> _Task instructions_
Copy every line of the data exactly, keeping out any picture.

(Dataset content)

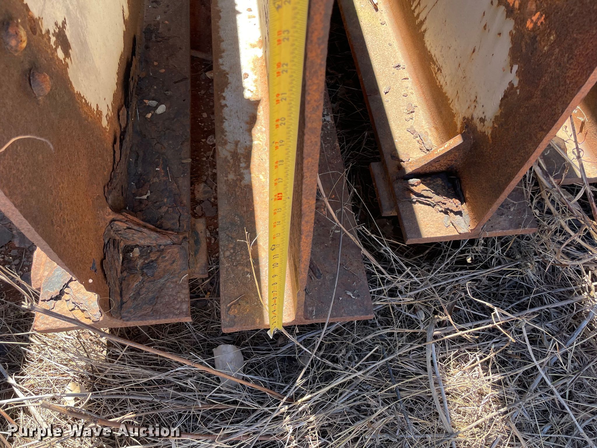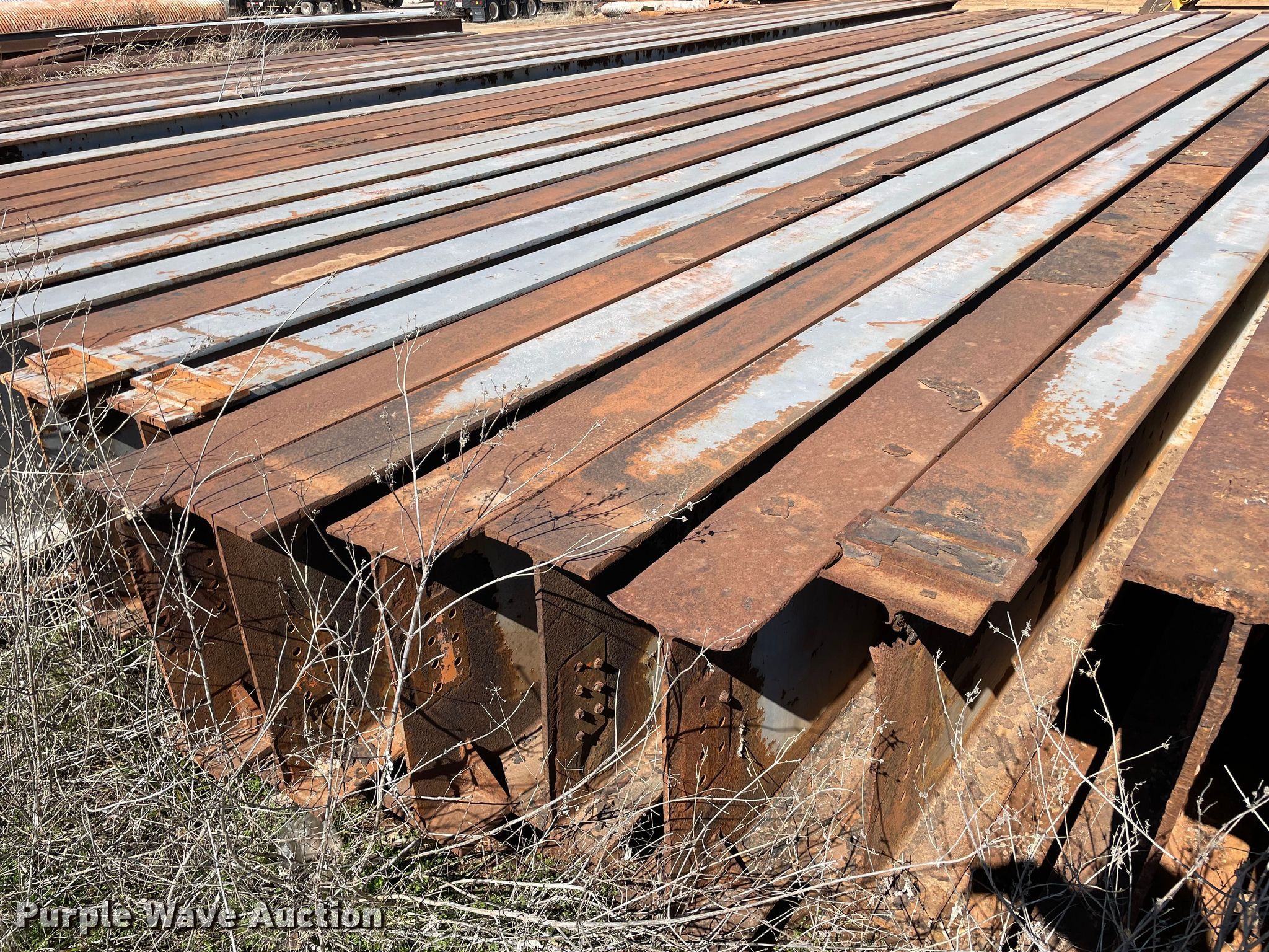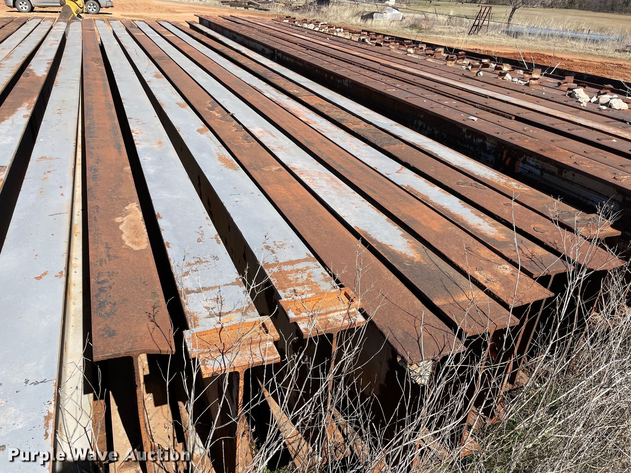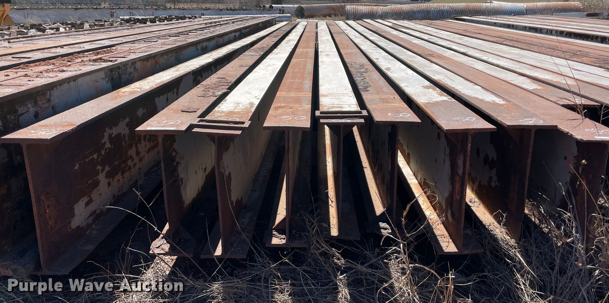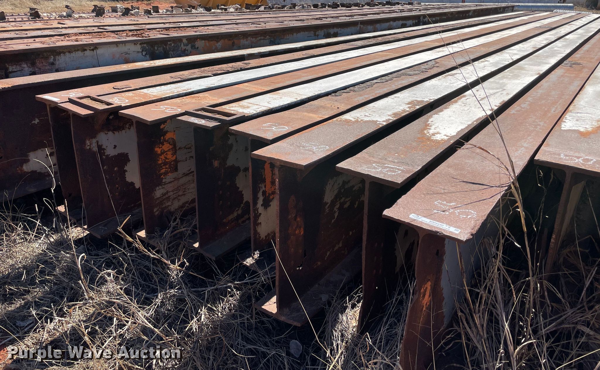 Purple Wave is selling a used Building Materials in Oklahoma. This item is a (9) steel I-beams with the following: 50' L x 10 1/4" W x 30" H, Flange thickness: 5/8", Web thickness: 1/2"
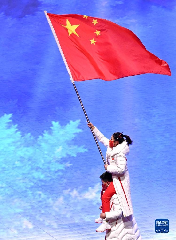 這是中國代表團旗手徐夢桃與高亭宇在閉幕式上入場。
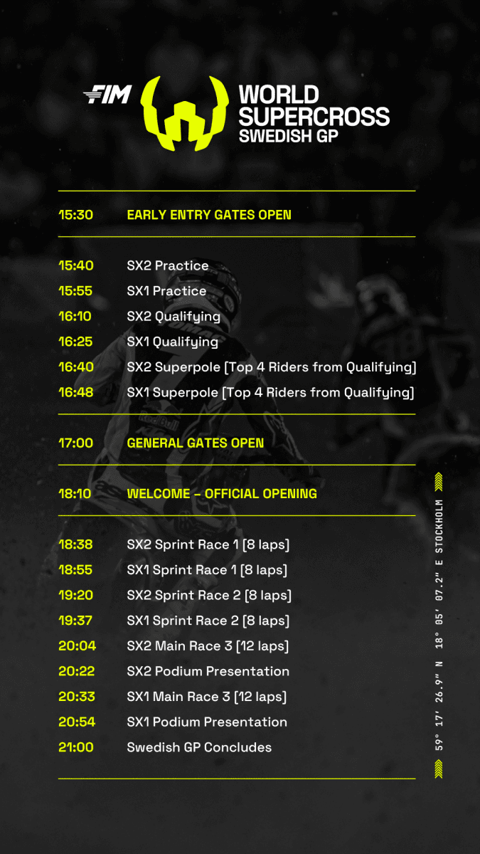 Another round of the World Supercross Championship of 2026, this time in europe and Sweden. As always, we will bring you all the action, images, interviews and so much more. Live timing and full results you can find here: Race Day Live.
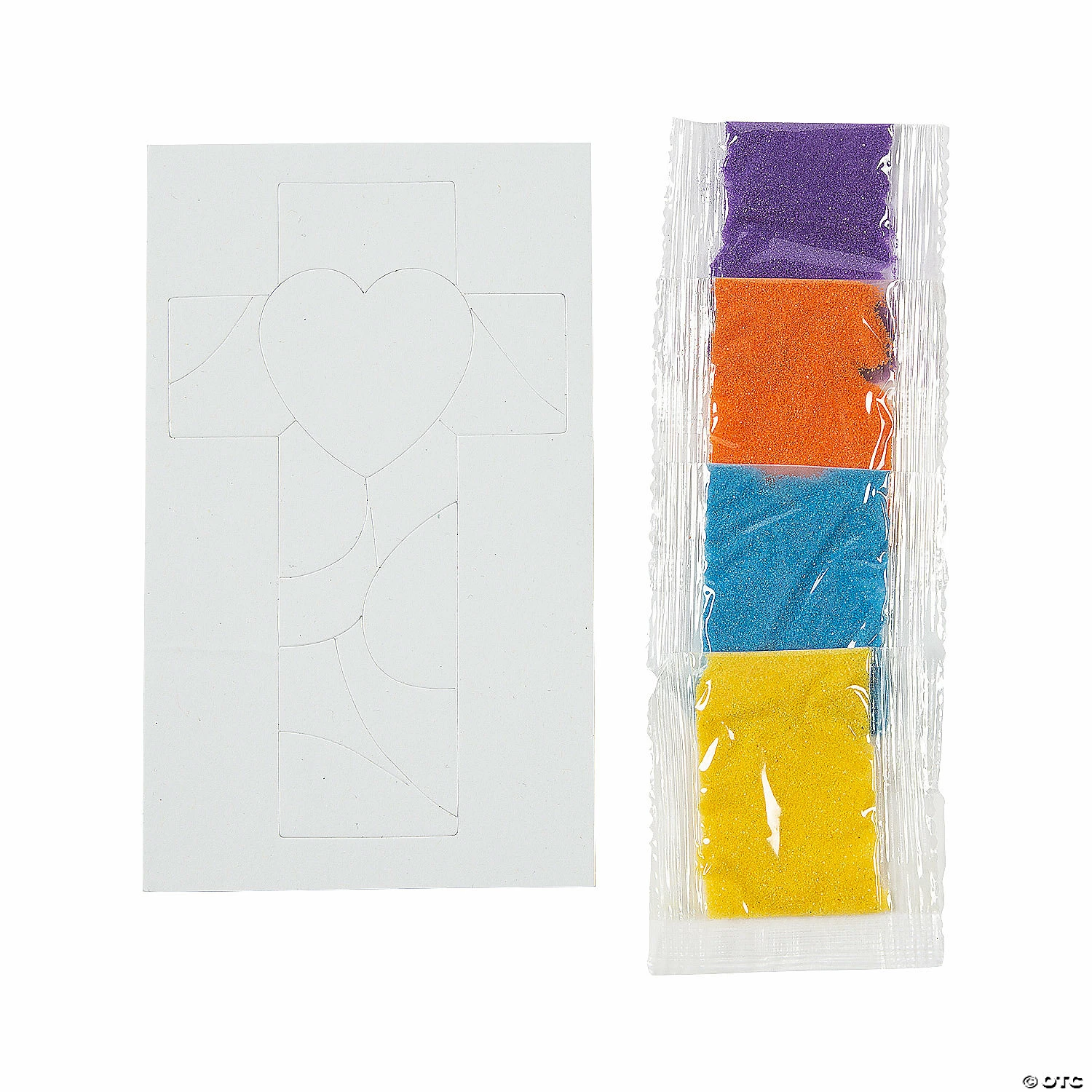 Create colorful sand art with this inspirational cross picture craft kit! Inspire artistic designs with this craft, which is an ideal project for Vacation Bible School or Sunday School. Simply peel off the protective covering to reveal an adhesive surface, then sprinkle on the sand. Cardboard. 3 1/4″ x 5 1/2″ Makes 12. Includes bags of assorted color sand. All craft kit pieces are pre-packaged for individual use. Kits include instructions. ยฉ OTC
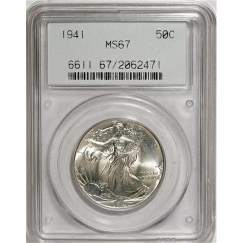 <B>1941 50C MS67 PCGS.</B></I> PCGS Population (394/12). NGC Census: (431/16). Mintage: 24,207,412. Numismedia Wsl. Price for NGC/PCGS coin in MS67: $635. (#6611)<BR><BR><B>Coin Engraver:</B> Adolph A. Weinman<BR><BR><b>Shipping:</b> Coins & Currency (<a target="_blank" href="http://www.heritageauctions.com/common/shipping.php">view shipping information</a>)

(End Dataset content)

> _Written reply_
 Purple Wave is selling a used Building Materials in Oklahoma. This item is a (9) steel I-beams with the following: 50' L x 10 1/4" W x 30" H, Flange thickness: 5/8", Web thickness: 1/2"
 這是中國代表團旗手徐夢桃與高亭宇在閉幕式上入場。
 Another round of the World Supercross Championship of 2026, this time in europe and Sweden. As always, we will bring you all the action, images, interviews and so much more. Live timing and full results you can find here: Race Day Live.
 Create colorful sand art with this inspirational cross picture craft kit! Inspire artistic designs with this craft, which is an ideal project for Vacation Bible School or Sunday School. Simply peel off the protective covering to reveal an adhesive surface, then sprinkle on the sand. Cardboard. 3 1/4″ x 5 1/2″ Makes 12. Includes bags of assorted color sand. All craft kit pieces are pre-packaged for individual use. Kits include instructions. ยฉ OTC
 <B>1941 50C MS67 PCGS.</B></I> PCGS Population (394/12). NGC Census: (431/16). Mintage: 24,207,412. Numismedia Wsl. Price for NGC/PCGS coin in MS67: $635. (#6611)<BR><BR><B>Coin Engraver:</B> Adolph A. Weinman<BR><BR><b>Shipping:</b> Coins & Currency (<a target="_blank" href="http://www.heritageauctions.com/common/shipping.php">view shipping information</a>)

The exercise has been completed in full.